The lines below, from the one containing "7일 오후 서울 잠실구장에서" through the one containing "No gluten, yeast, wheat, milk", should be set down exactly, with no pictures and nothing else.

→ **Source material**
--------------------

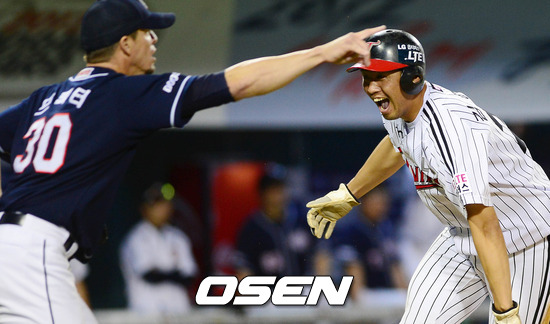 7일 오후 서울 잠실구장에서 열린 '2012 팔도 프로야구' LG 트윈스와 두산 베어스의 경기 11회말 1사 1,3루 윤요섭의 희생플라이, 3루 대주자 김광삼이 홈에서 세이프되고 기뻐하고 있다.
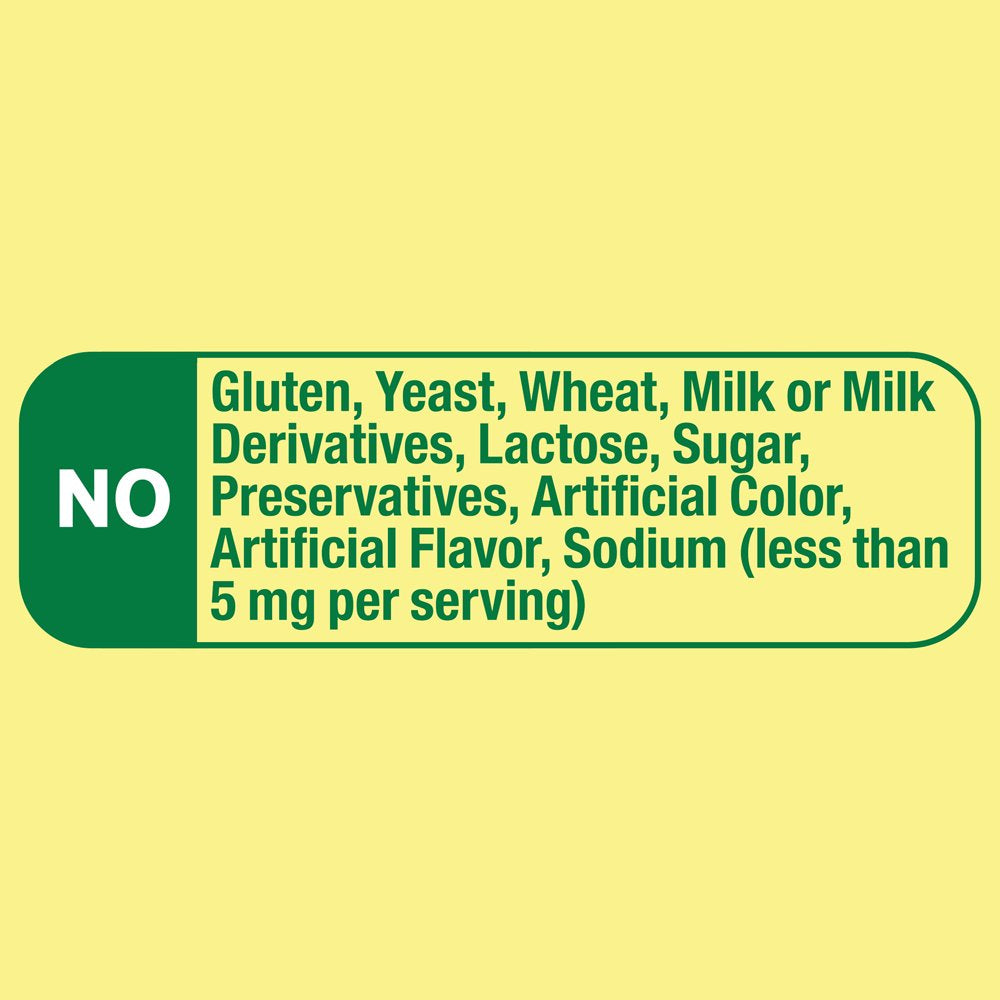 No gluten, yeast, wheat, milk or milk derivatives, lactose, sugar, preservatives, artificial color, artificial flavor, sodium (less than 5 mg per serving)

--------------------

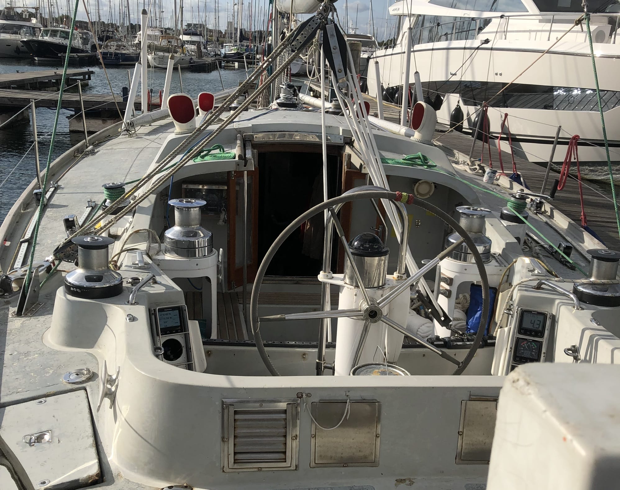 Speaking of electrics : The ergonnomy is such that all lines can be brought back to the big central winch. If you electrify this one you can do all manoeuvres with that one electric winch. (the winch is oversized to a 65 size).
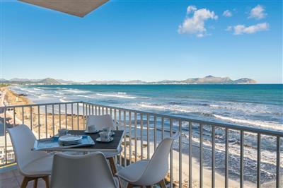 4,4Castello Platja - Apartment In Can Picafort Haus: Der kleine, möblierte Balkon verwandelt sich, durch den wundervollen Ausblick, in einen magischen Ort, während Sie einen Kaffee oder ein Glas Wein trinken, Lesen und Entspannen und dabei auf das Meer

--------------------

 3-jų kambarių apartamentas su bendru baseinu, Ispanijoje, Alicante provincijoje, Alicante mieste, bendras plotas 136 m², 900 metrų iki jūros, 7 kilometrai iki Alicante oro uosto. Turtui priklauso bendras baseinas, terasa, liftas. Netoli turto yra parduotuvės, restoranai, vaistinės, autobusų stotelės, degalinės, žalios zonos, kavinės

--------------------

→ **Solution**
 7일 오후 서울 잠실구장에서 열린 '2012 팔도 프로야구' LG 트윈스와 두산 베어스의 경기 11회말 1사 1,3루 윤요섭의 희생플라이, 3루 대주자 김광삼이 홈에서 세이프되고 기뻐하고 있다.
 No gluten, yeast, wheat, milk or milk derivatives, lactose, sugar, preservatives, artificial color, artificial flavor, sodium (less than 5 mg per serving)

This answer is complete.